Se você trabalha com marketing (interno ou em agência), provavelmente já ouviu, ou repetiu essas frases:
- “Precisamos humanizar a marca.”
- “Sem estratégia, não dá.”
- “Temos que estar presentes nas redes sociais.”
Nada disso é mentira. Pelo contrário. O problema é que essas ideias deixaram de ser diferencial há muito tempo.
Hoje, todo mundo já sabe o que precisa ser feito. Ainda assim, muitas marcas seguem patinando, produzindo conteúdo, investindo tempo e dinheiro, sem ver o marketing sair do lugar.
Este texto não é uma crítica. É um convite à reflexão sobre o que realmente trava a evolução do marketing dentro das empresas.
Quando o conhecimento vira ruído
O mercado de marketing amadureceu. A informação está acessível, os conceitos estão claros e as boas práticas são amplamente divulgadas.
O efeito colateral disso é simples:
saber o que fazer não significa saber como fazer — nem quando, nem por quê.
Humanizar a marca, por exemplo, virou um termo tão repetido que perdeu profundidade. Para algumas empresas, isso se resume a:
- usar uma linguagem mais informal;
- colocar rostos nos posts;
- responder comentários com emojis.
Tudo isso pode fazer parte, mas não é humanização. Humanizar exige clareza de posicionamento, coerência entre discurso e prática, e decisões que nem sempre são confortáveis.
Estratégia não é um documento. É uma escolha.
Outra tendência que já está saturada é falar de estratégia.
Muitas empresas dizem ter estratégia quando, na prática, têm apenas:
- um calendário de posts;
- metas genéricas;
- ideias soltas baseadas no que o concorrente está fazendo.
Estratégia envolve escolher um caminho e aceitar que outros ficarão de fora.
Para equipes internas e pequenas agências, esse costuma ser um dos maiores gargalos: tentar abraçar tudo para não desagradar ninguém.
O resultado?
- mensagens confusas;
- marcas que não se diferenciam;
- esforços diluídos.
Presença digital não é sinônimo de relevância
Estar nas redes sociais hoje é o mínimo. Não é vantagem competitiva.
Mesmo assim, muitas marcas ainda medem sucesso por:
- frequência de postagem;
- quantidade de canais ativos;
- volume de conteúdo produzido.
Isso gera uma falsa sensação de movimento.
Marketing que funciona é o que resolve um problema real do negócio.
E isso exige integração com vendas, com atendimento, com operação e com liderança.
Então, por que algumas marcas não saem do lugar?
Na prática, o que trava não é falta de informação. É falta de estrutura, clareza e maturidade decisória.

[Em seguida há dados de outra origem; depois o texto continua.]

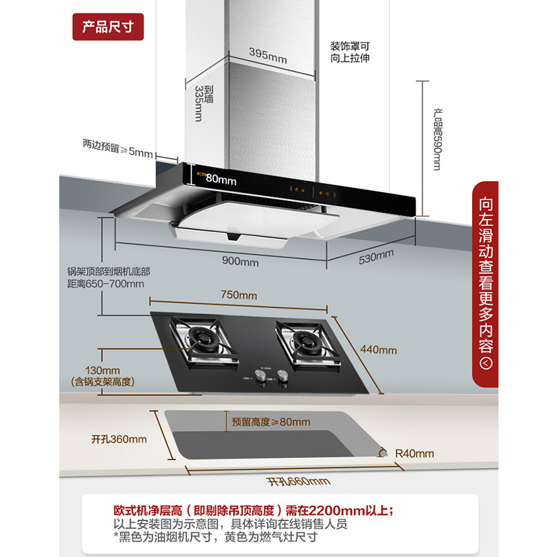 EMD20T+TH2B 手感智控风魔方 20m3/min*大风量 4.5KW*大火力 烟灶套装【不锈钢+钢化玻璃/黑色】 |

Alguns pontos aparecem com frequência:
- marketing visto como execução, não como parte da estratégia do negócio;
- equipes internas sobrecarregadas e sem autonomia;
- agências operando no tático, sem acesso à visão real da empresa;
- decisões guiadas por urgência, não por prioridade.
Quando isso acontece, o marketing vira um centro de custo, não um motor de crescimento.

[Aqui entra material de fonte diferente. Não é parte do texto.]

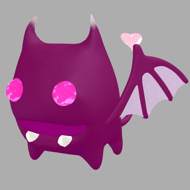 Jinxxy tags: Demon, Bat, Follower, Pet, Cute, Kawaii, Innocent, Textures, Materials, Wings, Purple, Blue, Green, Black, White, Red, Custom, Unique, Teeth, Gems, Horns, Small, Tiny, Smol, Exercise, Ball, Rubber, Eyes, Eye, Hearts, Heart, Flying, Smile

O próximo nível do marketing não é uma nova tendência
Talvez a pergunta não seja mais “qual é a próxima tendência?”.
Talvez seja:
- o quanto a empresa está disposta a sustentar um posicionamento;
- o quanto confia no processo, e não só no resultado imediato;
- o quanto o marketing está conectado ao negócio e não isolado dele.
Marcas que avançam não são as que sabem mais. São as que executam melhor, com contexto, método e consistência.
E isso vale tanto para times internos quanto para agências menores que querem crescer de forma estruturada.
Marketing não precisa de mais modismos. Precisa de direção.
No fim, humanizar, ter estratégia e estar presente continuam sendo fundamentais.
A diferença está em como isso é construído e em quem está disposto a fazer o trabalho menos óbvio.
Porque o básico todo mundo já sabe. O que falta é transformar esse básico em algo que realmente funcione para o negócio.